After considerable thought, and the consulting of various referenced sources and materials, something is puzzling me about your explanation of why photons traveling through an environment made up of air molecules, do not undergo decoherence. Your explanation, if I understand it correctly, is that the photons rarely interact with the air molecules, and this lack of interaction accounts for the lack of decoherence. If on the other hand a photon should interact with anything on its way through the environment, then it will inevitably undergo decohence. But the rarity of such events is why we see an interference pattern when passing photons through an environment consisting mainly of air. I actually have a number of concerns with this explanation, but I will focus on one in particular.

If instead of using a classical double slit setup, we use a Mach–Zehnder interferometer, then there is little doubt that the photons will interact with some part of the environment before reaching a detector. Yet these interactions do not seem to cause decoherence. If interaction is the cause of decoherence, then how do photons pass through an MZI without apparently undergoing it?

 

[bhobba]

If instead of using a classical double slit setup, we use a Mach–Zehnder interferometer, then there is little doubt that the photons will interact with some part of the environment before reaching a detector. Yet these interactions do not seem to cause decoherence. If interaction is the cause of decoherence, then how do photons pass through an MZI without apparently undergoing it?

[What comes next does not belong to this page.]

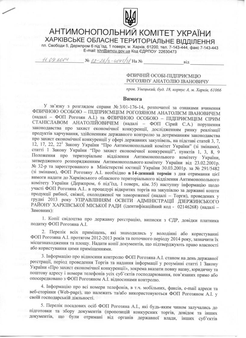 ВИМОГА ВІД 11.09.2014 № 02-26/3-4045/27 ПРО НАДАННЯ ІНФОРМАЦІЇ ФІЗИЧНОЮ ОСОБОЮ-ПІДПРИЄМЦЕМ СІРИМ СТАНІСЛАВОМ АНАТОЛІЙОВИЧЕМ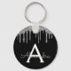Silver and Black Girly Sparkly Glitter Monogram Key Ring

Can't follow you there. In the Mach–Zehnder interferometer between the parts of the setup things are exactly as I describe. That's all that's required - the rest acts exactly the same regardless.

In other words it makes no difference if it was done in air or a vacuum.

Is your issue how do beam spliters, polarizes etc work?

That is a very difficult issue as a link from the FAQ's I gave before on light in solids attested to - its even difficult in air - although probably not as bad as solids - but I suspect difficult enough that our discussion here is not really correct - but the best that can probably be done at this level. For this purpose we need to simply accept they do work.

Thanks
Bill

 

[Jilang]

After considerable thought, and the consulting of various referenced sources and materials, something is puzzling me about your explanation of why photons traveling through an environment made up of air molecules, do not undergo decoherence. Your explanation, if I understand it correctly, is that the photons rarely interact with the air molecules, and this lack of interaction accounts for the lack of decoherence. If on the other hand a photon should interact with anything on its way through the environment, then it will inevitably undergo decohence. But the rarity of such events is why we see an interference pattern when passing photons through an environment consisting mainly of air. I actually have a number of concerns with this explanation ...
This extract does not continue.